Humans are Weird – Betwix
The giant door to the too-tall room burst open and a giant flailing mass of limbs staggering into the room. Doctor Draft heaved a sigh and carefully pushed the mineral storage sets to the center of the table to minimize spill hazards.
“Yo Dogh,” the human slurred out, the sound mangled by the fact that the human had several of his wide, thin claws shoved into his mouth, something that was highly medically inadvisable to the pathogenically fragile mammals. “Gough som foss?”
Doctor Draft debated taking the time to figure that out a moment and then slammed his tail on the floor to get the human’s roving attention. One helpful thing about the species was that there was no doubt where they were addressing their brain power as long as you could see their bizarre, white ringed eyes. The sound worked and the human turned both his body and eyes on the doctor, one absurdly long finger still prodding at an upper tooth. Doctor Draft raised himself up on his hind legs and mimicked that gesture the human nurse had taught him, crossing the arms they called it, as best he could, while deliberately letting his tail tip lash against the ground. The humans squirmed under the attention and removed his finger from his mouth, though his lips continued to contort oddly.
“Do you have some floss,” the human articulated carefully before beginning to prod at his tooth with his short, stubby tongue.
“What is floss?” Doctor Draft demanded, running a mental tongue over the term.
The human hesitated and his forepaws raised, the long narrow digits working as if they were kneading dough as he presumably formatted a description.
“It’s long, narrow thread,” he said, pausing to tongue at his upper teeth again, and without the forepaws to hide it Doctor Draft noted the grimace of pain with concern. “It’s used for cleaning gunk and stuff out from between teeth.”
Clicking his jaws in understanding Doctor Draft turned and scrambled towards a shelf. “Yes I do keep some of that on hand,” he said. “It is hardly ever needed save for when the old tooth fails to dislodge when a new one grows in, but yes, I can see why humans would need it more frequently now that you describe it. I presume you have some, gunk, did you say? Stuck between your teeth?”
“Not gunk exactly,” the human said, relief in his voice. “I was trying some of that new bird-thing meat and it turns out to be pretty stringy.”
Doctor Draft lunged into the cupboard of minor surgical supplies and pulled out the ball of, floss, the human had called it and he made an effort to ingrain the name in his memory as he handed it over to the human.
“Is this condition causing you pain?” Doctor Draft asked as the human gratefully snatched at the ball that looked tiny in his long digits.
The human made short, frantic work of finding the free end of the string and biting off a length. Then he wound the ends around two of his digits and forced it between the tightly packed mammalian molars.
“Is the condition causing you pain?” Doctor Draft asked again.
One eye rolled towards him and the human made a positive sounding grunt and nodded while working the floss between his tooth and his gums.
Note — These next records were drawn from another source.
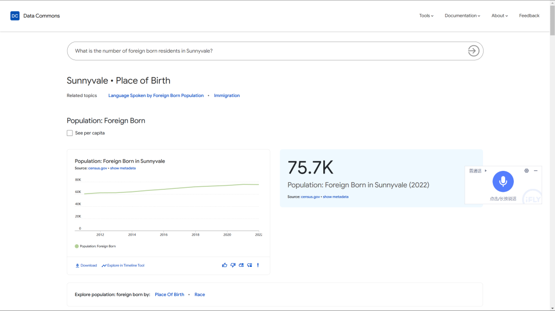 模型生成了很多自然语言问题,我们可以将这些问题复制到 Data Commons 中的自然语言接口中。 比如,我们输入上面的第1个问题:“Sunnyville 的外籍出生人口数量是多少?”,模型给出了具体的数字,还提供了图表,
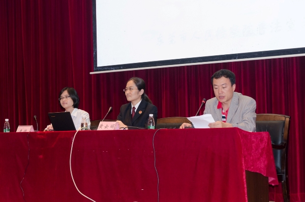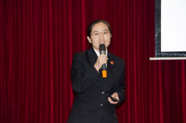 开会伊始,黄云丽检察官向同学们提出“什么是法律?”,从而一步步地让同学们了解法律知识。紧接着,黄云丽检察官从她身边一个个真实的案例向同学们分析,剖解出社会的现状并且介绍了法庭的庭审的主要流程和架构,极大地丰富对同学们对社会和法庭的了解。而后黄检察官的教案中显示的监狱情况让现场沉寂了下来,这警醒着大家做每一件事情之前都要三思而后行,不得鲁莽冲动,从而受到法律的严惩。
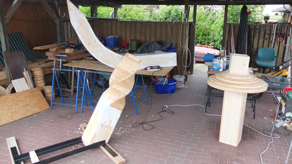 Was wie Rost aussieht ist in Wirklichkeit täuschend echte Farbe, hinter der sich eine massive Holzskulptur
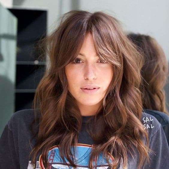 Long bangs will be in first place in popularity not only in 2024, but also in 2024. It helps to hide face imperfections like no other bangs. A long bang can visually soften your features, where wide cheekbones, a massive forehead, and also a sharp chin will not seem so angular.
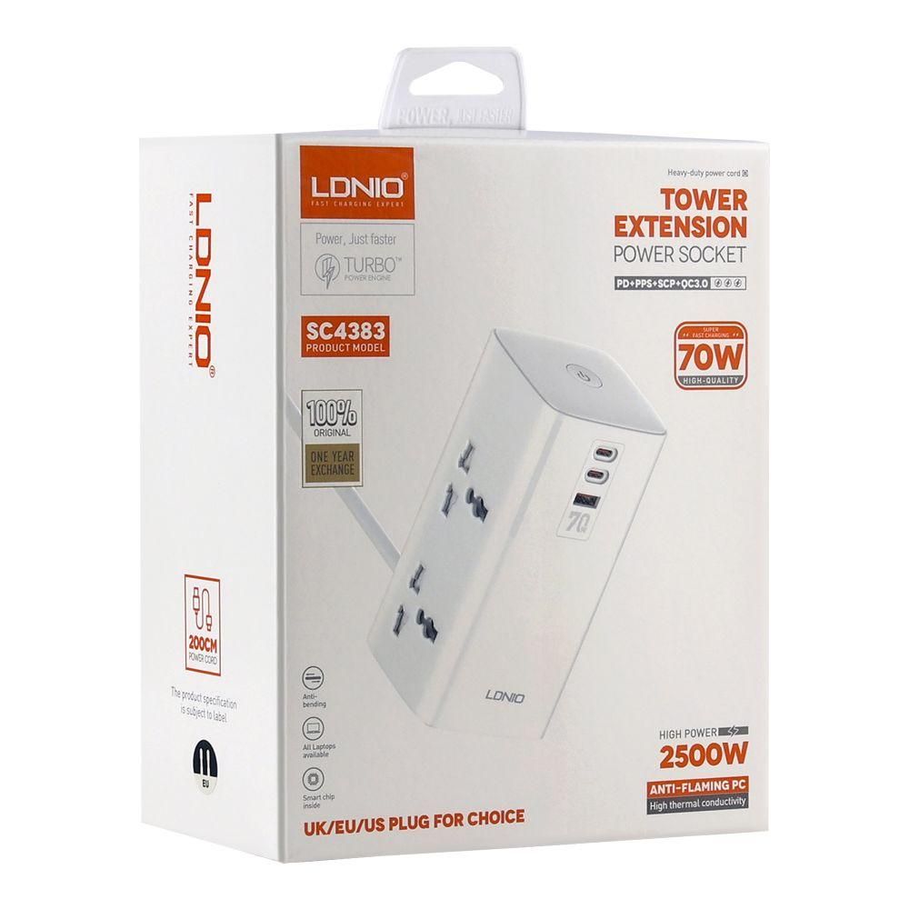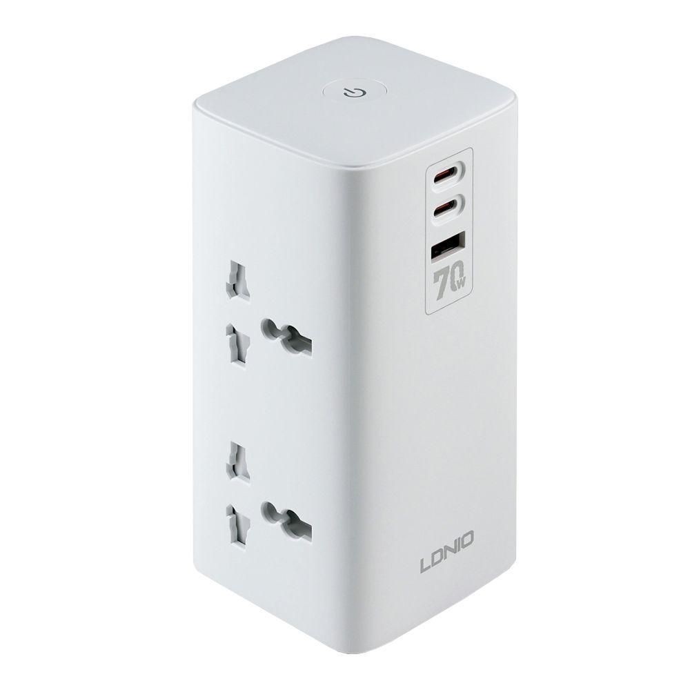 Сетевой удлинитель LDNIO SC4383 создан для организации пространства, где требуется одновременное питание бытовых приборов и подзарядка мобильных устройств. Его универсальная конструкция с USB–портами и стандартными розетками обеспечивает удобство и безопасность эксплуатации, позволяя экономить время и упрощать повседневное использование техники. Особенности и преимущества сетевого удлинителя LDNIO SC4383: • Уникальный дизайн с вертикальной стереоскопической конструкцией, которая упрощает организацию пространства. • Компактные размеры: 69×69×141мм, — не занимает много места, устанавливаясь на рабочем столе или прикроватной тумбе. • Встроенный кабель длиной 2м с прочной оплёткой из PVC, вилкой стандарта EU и тремя медными жилами с увеличенной на 33% толщиной. • Качественные электронные компоненты и надёжный корпус из прочного пластика с классом огнестойкости V0. • Практичная кнопка на верхней панели для управления питанием, способная выдерживать 15000 нажатий. • 4 универсальные сетевые розетки с достаточным расстоянием друг от друга для удобного подключения любых вилок. • Створки розеток для защиты от детей, рассчитанные на сопротивление нажатию до 75N. • Максимальная допустимая нагрузка: 2500W (100–250V AC, 50/60Hz, 10A макс.). • 2 современных разъёма Type–C (C1 и C2) и 1 разъём USB–A (A1), которые могут использоваться одновременно. • Максимальная мощность на выходе разъёмов Type–C1/C2: 70W (5V/3A, 9V/3A, 12V/3A, 15V/3A, 20V/3.5A, 3.3–12.6V/3A и 3.3–21V/3A для PPS). • Максимальная мощность на выходе разъёма USB–A: 30W (5V/3A, 9V/3A, 10V/2.25A (SCP), 15V/2A и 20V/1.5A). • Общая максимальная мощность на выходе комбинаций разъёмов: C1+C2=50W+20W; C1+A1=50W+18W. • Поддержка быстрой зарядки по протоколам PD2.0/3.0, QC3.0/2.0, AFC, FCP, SCP и некоторым другим. • Многоуровневая система защиты от перегрева, перегрузки, короткого замыкания и скачков напряжения. Сетевой удлинитель LDNIO SC4383 станет универсальным решением для дома и офиса, объединяя розетки и современные порты быстрой зарядки в одном корпусе.

A thin thread of flesh popped out from between the molars and immediately relief showed on the human’s expressive face. Then suddenly with an audible snap the floss broke. Doctor Draft reared back in surprise. The surgical rated string wasn’t exactly designed to take much of a load but it shouldn’t have been so easily for a human to accidentally snap it. The human seemed hardly surprised and simply took another length before attacking the minuscule gap between to other teeth talking in the moments when his mouth was free of obstruction.
“That one hurt,” he said, “real bad in spurts where the teeth were pinching it.”
Another thread of flesh popped out.
“That one was only annoying,” he said. “My teeth are too big for my jaw you see…”
Doctor Draft blinked slowly as he processed that. The second string snapped and the human reached for another. Doctor Draft made a mental bubble to order more, and possibly sturdier, or thinner perhaps, dental string. Human’s could, as a common thing judging from the casual attitude this one was displaying, have teeth that were too large for their underlying bone structure. That, if it wasn’t the idle misinterpretation of a layman, might be something worth looking into. There was a gurgle and a clink from the fomentation vat as the pressure displaced the lid and Doctor Draft turned back to that cleaning task with a thoughtful hum.